Problematisch ist für die Stadt die Ausgabesituation. Laut Moll habe die Stadt überdurchschnittlich viel Infrastruktur, die viel Geld koste. Deshalb hatte der OB in diesem Sommer einen Sparplan entworfen, der die Stadtkasse auch spürbar entlaste. In nahezu jedem Bereich wurden Einsparungen beschlossen, vor allem bei den Leistungen, die die Stadt nicht per Gesetz erbringen muss, wie in der Kultur oder im Bereich Soziales. Zwei Millionen Euro sollen so jährlich eingespart werden.
2024 soll viel gebaut werden
Aktuell hat Weingarten mit einem Sanierungsstau zu kämpfen. Und mit Aufgaben, die gelöst werden müssen. Gemeint sind der Neubau der Talschule und ein Ersatzbau am Schulzentrum, in das die Schüler ziehen, solange neu gebaut wird. „Wir können nicht vor dieser Pflichtaufgabe wegrennen“, so Keller. 30 Millionen Euro an liquiden Mitteln wird die Stadt dafür aufwenden, was bedeutet, dass die Neuverschuldung nur sehr gering ausfällt. Nachhaltig sei das aber nicht, denn danach sei das Geld einfach weg.
2024 soll überhaupt viel gebaut werden. Der Pavillon am Schlössle steht an, die weitere Sanierung des Amtshauses oder der Dachausbau der Obdachlosenunterkunft. Das Problem dabei sei jedoch seien die Fachkräfte für die Arbeiten, die nicht ausreichend zur Verfügung stehen, so der Kämmerer. Ob die geplanten Bauvorhaben alle umgesetzt werden können, bleibt also fraglich.
Gut werden die kommenden beiden Jahre finanziell betrachtet nicht, die Stadt macht 2024 rund drei Millionen Euro Minus.
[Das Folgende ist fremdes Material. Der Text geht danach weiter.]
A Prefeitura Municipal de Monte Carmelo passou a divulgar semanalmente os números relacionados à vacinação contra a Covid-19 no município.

Das liegt unter anderem daran, dass die Stadt ihren Mitarbeitern durch die neuen Tarifabschlüsse mehr Gehalt zahlen muss. Außerdem muss sie dem Landkreis wegen der Kreisumlage 3,3 Millionen Euro mehr abgeben als zuvor. „Das ist ein Ausnahmejahr“, sagt Florian Keller. Deshalb hat er seinen Blick fünf Jahre in die Zukunft schweifen lassen. In den Jahren 2026 und 2028 werde es ‐ Stand jetzt ‐ finanziell deutlich besser aussehen.
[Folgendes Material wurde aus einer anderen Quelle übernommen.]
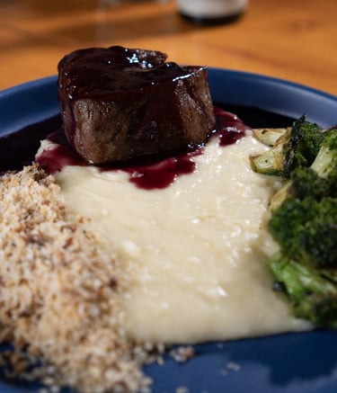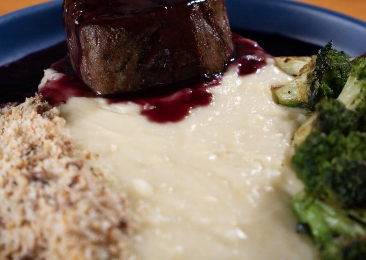 Filé mignon com aligot e brócolis, finalizado com farofa de castanha e redução de vinnho

Kämmerer ist Fan des Doppelhaushalts
Und dann gibt es da noch eine Premiere: Die Stadt nutzt zum ersten Mal einen Doppelhaushalt. Sie verbucht also alle Einnahmen und Ausgaben der Jahre 2024 und 25 auf einmal. Das hat für Florian Keller eindeutig Vorteile. So spart die einmalige Haushaltsplanung Arbeitskräfte. Die Stadt habe schließlich ohnehin zu viele Aufgaben bei gleichzeitig zu wenig Mitarbeitern.
Zudem könne die Stadtverwaltung 2025 sofort zu Jahresbeginn anfangen, Projekte umzusetzen. Normalerweise müsse sie noch mindestens zwei Monate warten, bis der Haushalt vom Regierungspräsidium Tübingen genehmigt wird. Das wird mit der neuen Struktur aber schon Anfang 2024 geschehen sein.
Gefährlich könnte es nur werden, wenn unvorhergesehene wirtschaftliche Entwicklungen auftreten. Dann wäre ein Haushaltsnachtrag vonnöten. Doch selbst der wäre laut Keller schneller zu erledigen als jedes Jahr einen neuen Haushalt auf die Beine zu stellen.